August 30, 2023: Amazon Kinesis Data Analytics has been renamed to Amazon Managed Service for Apache Flink. Read the announcement in the AWS News Blog and learn more.

This is a customer post written by the engineers from German startup Baqend and the AWS EMEA Prototyping Labs team.

Baqend is one of the fastest-growing software as a service (SaaS) startups in Germany, serving over 5,000 business customers with more than 100 million monthly users and $2 billion EUR revenue per year. Baqend’s main product is a one-click solution to accelerate ecommerce websites called Speed Kit. By rerouting a portion of the web traffic through Speed Kit’s caching infrastructure, it achieves a typical performance boost between 1.5–3 times faster.

To measure the impact of Speed Kit and confirm its uplift to Baqend’s customers, we maintain several dashboards that display the technical and business performance improvements achieved by Speed Kit. This requires complex aggregations of tracking data collected during A/B tests on our customers’ websites.

The Challenge: Real-time analytics and reporting at scale

One of the key issues with our legacy solution for monitoring and reporting needed to process. The raw tracking data from all users was batched through various systems, which resulted in processing delays up to 24 hours for some analytics jobs. This impacted our operations monitoring and sales activities negatively, because our customers sometimes couldn’t analyze the impact of deployment changes until the next day. Furthermore, our legacy reporting service lacked any support for custom visualization development.

This post shows you how we transformed our batch-based analytics process into a continuous complex event-processing pipeline, which is managed by Amazon Kinesis Data Analytics for Apache Flink. The new solution exhibits less than a minute of end-to-end latency from data ingestion to visual output in the dashboard.

The key topics presented in this post are:

Solution overview and key components

Following a remote planning phase in which we defined our requirements and laid out the basic design, we built the solution on an on-site prototyping engagement with AWS over the course of 4 weeks in early 2020 in Hamburg. Seven team members from Baqend and AWS EMEA Prototyping Labs implemented the following architecture.

Following a remote planning phase in which we defined our requirements and laid out the basic design.

The workflow includes the following steps:

  1. The performance tracking data is streamed by Speed Kit Amazon Elastic Compute Cloud (Amazon EC2) instances.
  2. This data goes into an Amazon Kinesis Data Streams
  3. This data stream is consumed by a Kinesis Data Analytics for Apache Flink application.
  4. The data is ingested into Amazon OpenSearch Service.
  5. This streaming application relies on AWS Secrets Manager to store and access the credentials for Elasticsearch with basic HTTP authentication.
  6. An Nginx proxy server application hosted on EC2 instances in multiple public subnets and Availability Zones redirects the user requests Kibana with Amazon Cognito authentication (for more information, see How do I use an NGINX proxy to access Kibana from outside a VPC that’s using Amazon Cognito authentication?).
  7. The Apache Flink application also uses Amazon DynamoDB as a backend for long-living external states required for certain operations (covered later in this post).
  8. The streaming application also delivers the raw and intermediate data outputs to an Amazon Simple Storage Service (Amazon S3) bucket to enable historical data analysis and operational troubleshooting with Amazon Athena.

Although the prototyping engagement also covered other aspects, we focus on the Kinesis Data Analytics application in the following sections of this post.

Continuous aggregation with Kinesis Data Analytics

We need to collect all kinds of technical data points on every page load of a website visitor.

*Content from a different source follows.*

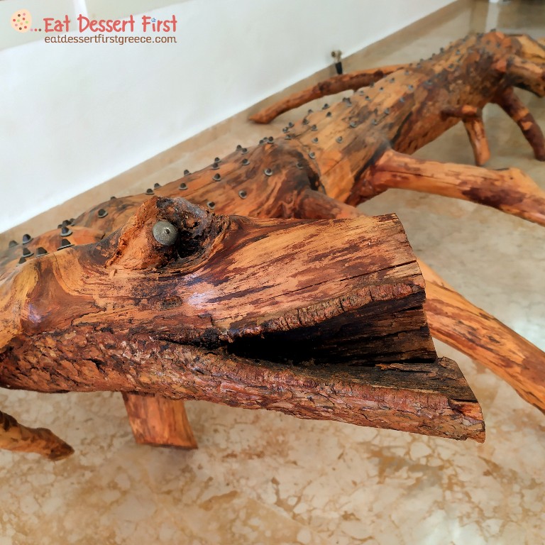 At the entrance of the museum we saw a work of art that made an impressiοn on us, because of the eco message it conveys. It was the “dragon that eats those who cut the trees”.
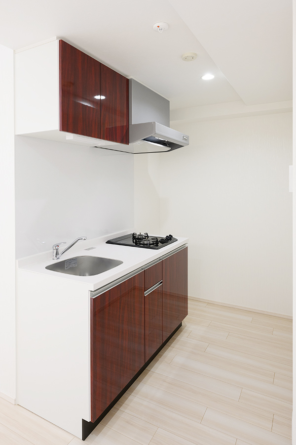 リビング空間と程よく分かれた独立タイプのシステムキッチンを採用。2口ガスコンロ付きで同時調理が可能なため、毎日のお料理も効率的に行えます。

Details on the individual page impressions (PI) help us analyze web performance for the websites of our customers. Speed Kit provides a performance tracking functionality that collects data within the browser of every website visitor and sends it to our analytics backend.

Aggregating page impressions

Intuitively, there should be only one data beacon for any given PI because the data could be aggregated in the browser before it’s sent to our backend. Speed Kit sends several data beacons during the page load to minimize the possibility of any data loss, as shown in the following figure.

Speed Kit sends several data beacons during the page load to minimize the possibility of any data loss, as shown in the following figure.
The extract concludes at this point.